Much of the data on human behaviour and movement used in fire engineering has been collected through fire drills, interviews and surveys following actual incidents. This data is very valuable to the life safety community as it can be applied to similar occupancies when conducting an egress analysis. However, it is difficult to compare two sets of data from similar studies due to differences in location, setup and the environment. This brings in to question the conclusions extracted from such data as it is difficult to reproduce. For this reason, some scientists have been expressing the need to standardize human behaviour in fire data collection in order to increase the robustness of such data.
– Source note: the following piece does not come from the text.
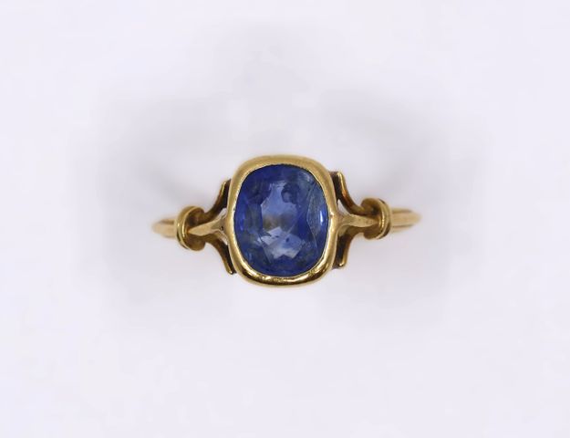 Bague en or jaune 750°/°° ornée d'un saphir TDD 53 Pds brut 2,77 ...

When examining the life safety standards around the world, it is apparent that the majority of the life safety standards that are updated periodically originate from Western countries through various code reviews, incident reports and some scientific studies. This has supplied the life safety community with a wealth of knowledge and data covering Western cultures, such as UK, USA and Canada. While such data is very important when conducting an evacuation analysis, one would question its cross-cultural applicability when used for non-Western cultures, especially that recent studies have shown that people in some non-Western cultures tend to walk slower than people from Western cultures due to traditional clothing.
Evacuation Field Observations
With the increasing interest in studying emergency evacuation, a number of misconceptions have been rectified when it comes to how people perceive the threat, interact with the environment and with each other. This can be seen in the over used excuse of “panic”, the way computer models portray people’s exit choice in some software packages, how people perceive and react to an alarm.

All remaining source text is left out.